Given the choice, I’d have preferred keeping my mother. I missed her constancy. I missed regular touch from another human being, even if the sensation of their skin against mine, especially when uninvited, sometimes felt like the brush of a thousand stinging nettles.
My dad wandered into the bar, just as I contemplated heading for home. Checking I was in my usual spot, he threw me a wave, then stood at the bar too, where a couple of his mates had already split a jug of Warsteiner. I didn’t expect more acknowledgement—we’d spent all day working together. Recognising my dad’s voice, Noir thumped his tail on the floor. With a grunt of permission, I let him trot over to say hello.
Generally, I nursed my beer alone. Since moving out of my dad’s place and into one of the gatehouses at the entrance to my vineyard, I lived alone too, except for Noir. I ate alone, showered alone, listened to the radio alone, and slept alone. Because I didn’t talk much, and my brain worked differently to most, folk assumed I was simple and gave me a wide berth. Nico and his mate Florian, one of the best-looking blokes I’d ever clapped eyes on, did not fall into that category.
Sometimes—like now, as they waltzed into the bar—I wished they would.
“Evening.”
“Evening.”
My brother’s effusiveness matched my own. Nonetheless, we were solid.
Florian, on the other hand, treated me to the usual warm hug and kiss he bestowed on most of his friends, which I enjoyed more than he’d ever know. Not a stinging nettle in sight. Another sign I was an adult; I no longer fixated on Florian. He had a very nice long-term partner, and, more to the point, obsessive crushes on random men were unhealthy. I didn’t do that anymore.

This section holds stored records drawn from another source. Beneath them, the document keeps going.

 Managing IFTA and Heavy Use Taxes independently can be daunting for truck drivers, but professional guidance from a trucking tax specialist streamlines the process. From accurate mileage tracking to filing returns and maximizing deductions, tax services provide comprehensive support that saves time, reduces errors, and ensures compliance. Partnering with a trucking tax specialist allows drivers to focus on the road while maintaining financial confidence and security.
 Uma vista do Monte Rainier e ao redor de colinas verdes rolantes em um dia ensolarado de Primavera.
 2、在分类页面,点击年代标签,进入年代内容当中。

As Florian pulled back, a half-smirk played about Nico’s lips. “I hear you’re going into showbiz,” he commented. “And there was me thinking you only had a face for radio.”

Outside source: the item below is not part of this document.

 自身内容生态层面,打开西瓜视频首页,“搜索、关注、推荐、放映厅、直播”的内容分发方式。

And a voice for silent movies, but I got by. Giving him the finger, I drained my pint and contemplated another, seeing as Nico was buying.
News travelled fast in our village, especially in January when fuck-all else was happening. Nico hadn’t expected a response. When I said I didn’t talk much, that extended to family.
Florian’s hypnotic green eyes absorbed me thoughtfully; I almost met his gaze with my own ordinary brown ones. “How long has it been since old Edouard retired?”
I pulled a face. “A year? Maybe eighteen months.”
“I thought you were going to see if the vineyard owner next door wanted to rent the vines from you? And let his son lease the house?”
“Changed my mind.”
Patiently, Florian waited for more. His smile was sweet enough to draw blood from a stone.
“The television crew want to turn it around. Then I’ll rent it to him afterwards, when it’s back up and running again. In time for the vendage. Everyone’s a winner.”
On this island, we looked after our own. The vineyard owner next door was more than happy with the arrangement. As was my aunt, who had negotiated a good price on a couple of caravans the television people would rent. L’Escale and the boulangerie would do okay out of it, too. And, as I said, not much happened here out of season. With a bit of luck, the British film crew would provide us with some much-needed entertainment.